My other favorite early European arrival is Alvar Nuñez Cabeza de Vaca, a Spanish naval officer who was shipwrecked on the coast of Florida in the 1530s, spent nearly a decade wandering across the continent and living with numerous Native tribes and nations, and developed a complex, hybrid new perspective and identity as a result; in my second book I identified de Vaca as one of the first Americans because of that hybridity and identity. But whereas de Vaca’s shifts were the result of extraordinary circumstances, las Casas simply observed what was happening in the Spanish New World, responded to it as a truly moral and good person should but so few of his peers did, and then, more impressively still, wrote and acted on that response, consistently and unceasingly, for the remainder of his life. His efforts did not, of course, counter-balance the horrors of genocide and enslavement and destruction, and no one person’s could; but they help us to see that America began not only with those horrors, but also with fundamentally good people seeking a more perfect union of the diverse cultures present here.

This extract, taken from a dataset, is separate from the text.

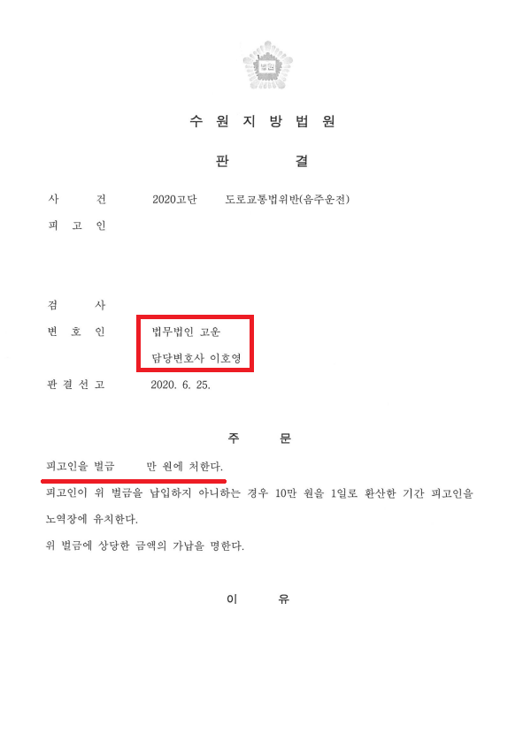 저희 법무법인 고운은 이 사건 음주운전으로 인한 추가피해가 발생하지 않은 점, 기소유예 전과 외 아무런 전과가 없는 점, 사건 당일에 대리운전을 할 수 없게된 경위 등 의뢰인의 유리한 정상을 재판부에 적극적으로 선처 취지의 의견을 주장하였습니다.

If it’s way too easy to be a jingoistic patriot about America, it is, in some ways, also too easy to be purely cynical or pessimistic about what we’ve been and are. Resisting that second perspective partly means acknowledging and engaging with the complex humanity of even a Columbus. But it also, and more optimistically, means remembering and reclaiming the legacy of a las Casas, as evidence that even the most horrific and destructive moments in our history have contained their voices of hope as well. Next inclusive figures tomorrow,
Ben
PS. What do you think? Other inspiring figures you’d highlight?